Not Just Survival, But Strategic Reposi­tioning

Beyond regulatory compliance, analysts stress that recapitalisa­tion is increasingly being viewed by banks as a strategic reposition­ing exercise rather than a mere survival tactic.

According to Agusto & Co., the exercise is already serving as a channel to crowd in new inves­tors with not just capital, but also governance discipline, technology expertise and regional expansion ambitions.

“The recapitalisation exercise is serving as a channel to crowd in new investors and strengthen the sector’s long-term stability,” Olubunmi said.

He added that partnership and ownership structures in some banks could change “significantly” during the process — an outcome regulators appear comfortable with, given the CBN’s emphasis on resilience, risk absorption capacity and global competitiveness.

Indeed, CBN officials have re­peatedly argued that larger capital buffers are necessary to support Nigeria’s $1 trillion economy ambi­tion, fund big-ticket infrastructure projects, and reduce systemic risk in the financial system.

Why M&A Has Been Slow

Despite the structural logic for consolidation, analysts say several factors have delayed an M&A rush.

First is valuation mismatch. Many bank owners are reluctant to sell at what they consider dis­counted valuations, especially after enduring years of currency devalu­ation and macroeconomic volatility.

Second is regulatory scrutiny.
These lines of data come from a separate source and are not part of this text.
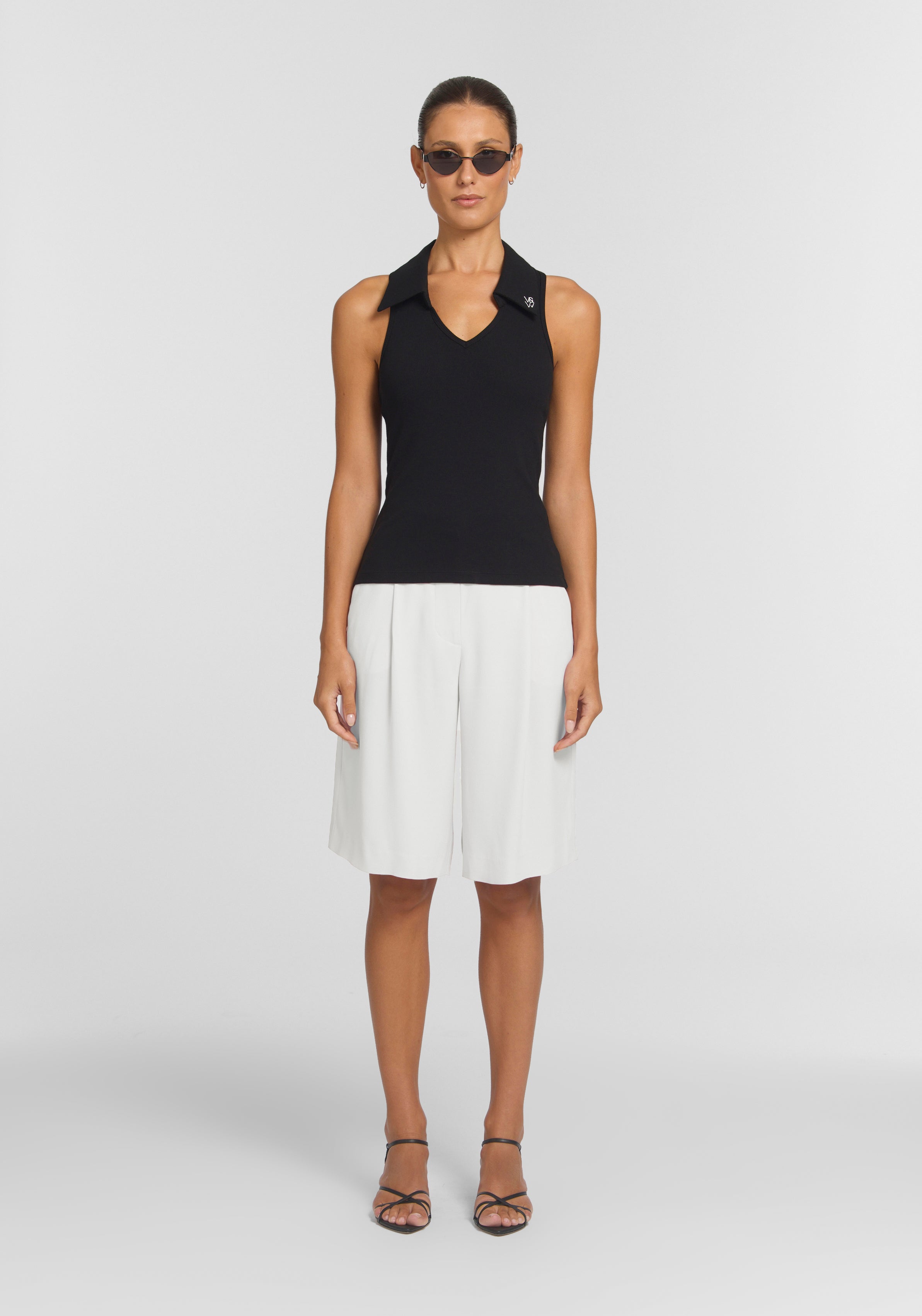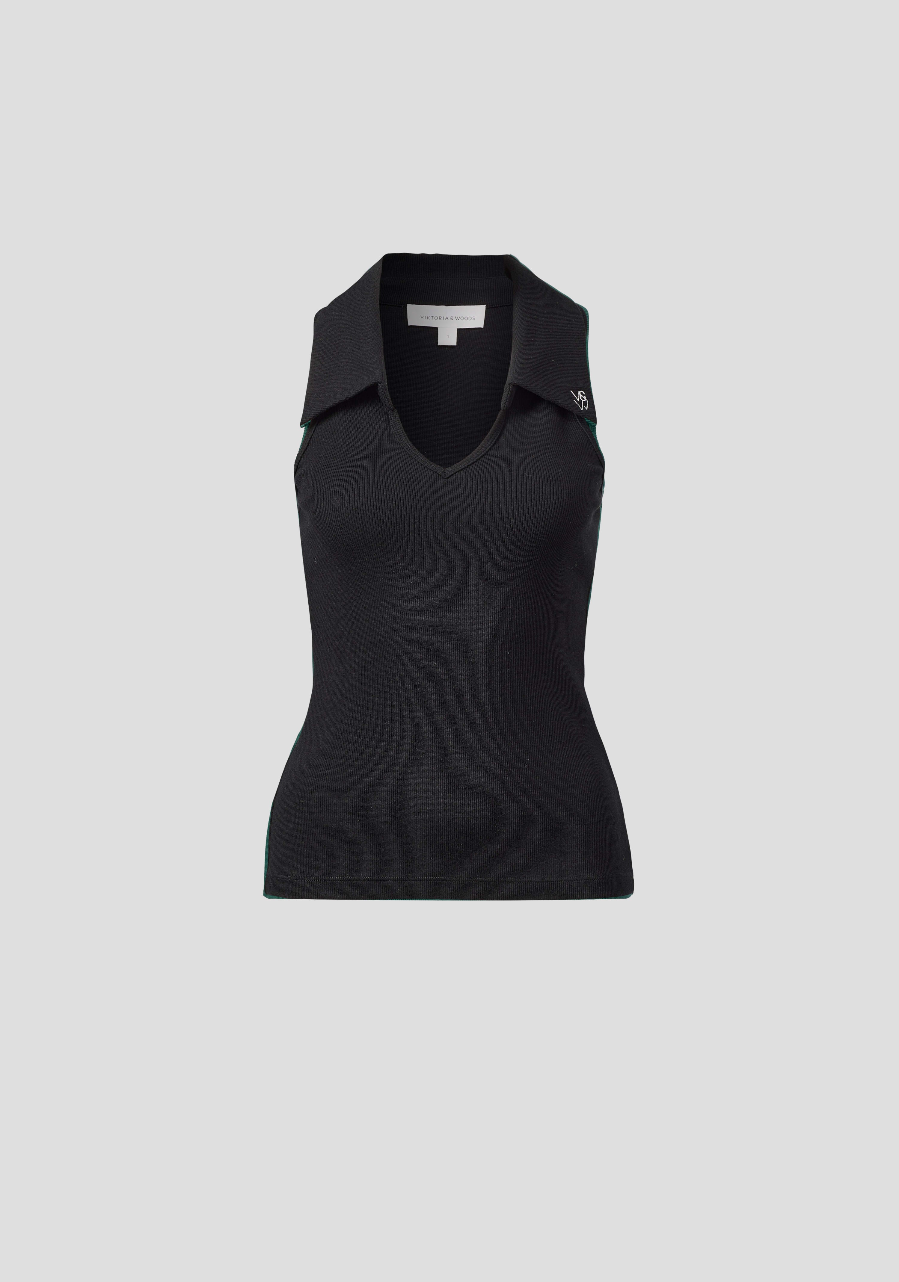The United Top is a precise essential, crafted from our signature 2x2 organic cotton rib in black. Featuring a fitted silhouette with a curved V-neckline and collar, it’s finished with contrast V&W embroidery. Style with the Monologue Short for a pared-back monochrome moment, or with denim for everyday ease.
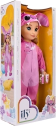 See stiilne nukk pikkade blondide juuste ja siniste silmadega on valmis pidžaamaseiklusteks. Roosa looma-teemaline onesie „Inspired by Angel” kapuutsi, kõrvade ja trükiga on puudutades pehme, mängimiseks mõnus ja fotodel suurepärane. Tänu pehmele torsile sobib see hästi kaisutamiseks, samas kui tugevad käed, jalad ja pea tagavad stabiilsuse poseerimisel.
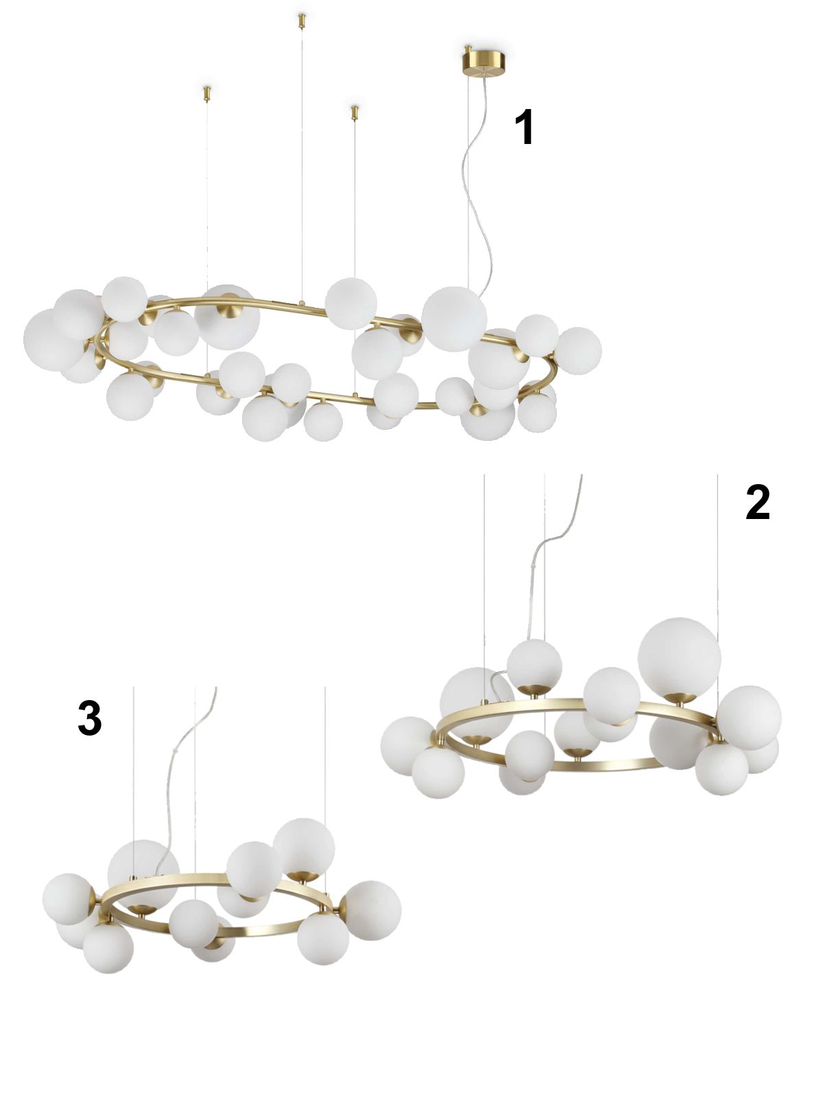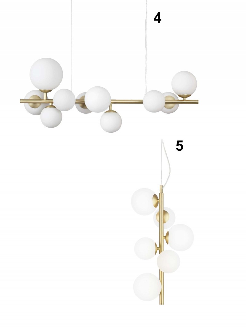 Moderné lustre vyrobené z kovu v mosadznej farbe, tienidlá tvoria biele sklenené gule. Sú vhodné do obývacích izieb, kuchýň, jedální, spální a pod. |
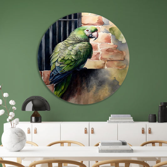 Waakzame Papegaai tegen Rustieke Achtergrond aluminium muurcirkel

Bank mergers in Nigeria require extensive CBN and Securities and Exchange Commission (SEC) ap­provals, a process that can be time-consuming and uncertain — an unattractive proposition when deadlines are tight.

Third is the improving profit­ability of many banks. Strong 2024 and 2025 earnings, driven by high interest rates and FX revaluation gains, have given management teams confidence that they can raise capital independently with­out surrendering control.
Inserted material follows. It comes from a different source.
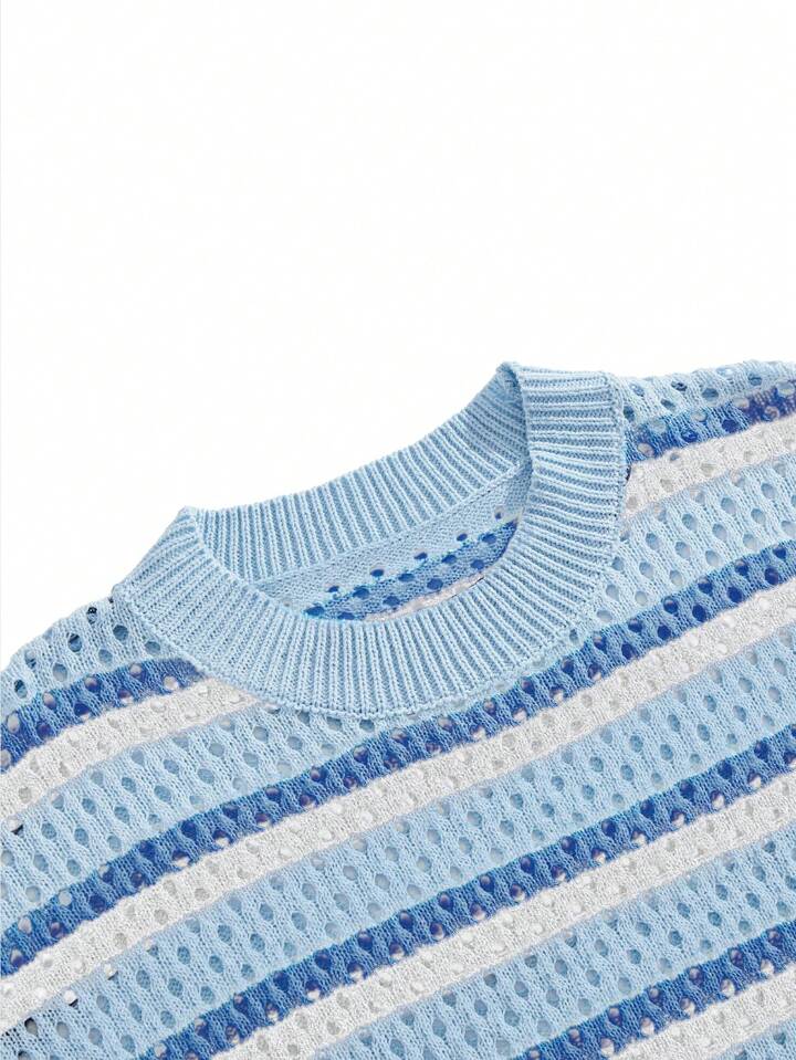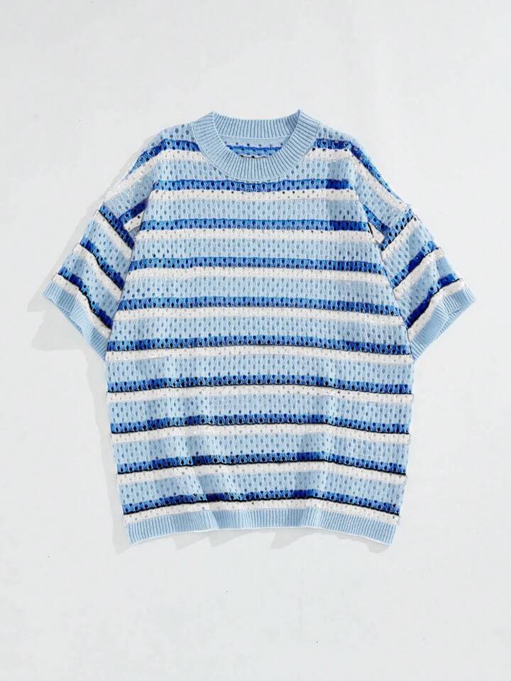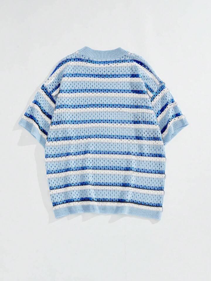 Street Life Camiseta casual de punto de manga corta y cuello redondo con diseño de rayas y calado para hombre
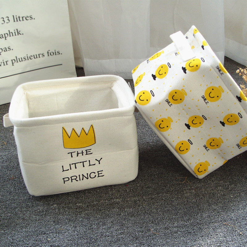 Minimalist Folding Cloth Art Cartoon Thickening with inner lining Cosmetic Snack finishing basket Desktop containing box

However, analysts believe this stance may soften as the deadline draws closer.

“By the last stretch of the re­capitalisation timeline, sentiment changes. Pride gives way to prag­matism,” said Julius Anyanwu, an investment banker familiar with ongoing capital discussions.

He added, “That’s when you’ll see more openness to strategic takeovers or mergers.”
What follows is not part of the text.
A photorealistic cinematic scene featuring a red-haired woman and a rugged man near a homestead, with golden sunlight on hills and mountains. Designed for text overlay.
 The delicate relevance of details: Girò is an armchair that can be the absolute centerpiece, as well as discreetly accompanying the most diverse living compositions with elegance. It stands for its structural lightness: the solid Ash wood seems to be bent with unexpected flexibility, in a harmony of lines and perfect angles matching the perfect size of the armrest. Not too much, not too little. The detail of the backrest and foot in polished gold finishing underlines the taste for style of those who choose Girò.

Implications For Shareholders And The Market

For existing shareholders, es­pecially minorities, the coming months could be pivotal. Rights is­sues that are not fully subscribed could lead to dilution, while pri­vate placements to new investors may shift voting power and board influence.

Market analysts advise share­holders to pay close attention to offer terms, pricing discounts and post-issue ownership structures.

“Recapitalisation is not neutral for shareholders,” said a portfolio manager at a local asset manage­ment firm. “If you don’t follow your rights, your stake shrinks. If you do, you need to assess wheth­er the long-term value justifies the additional capital.”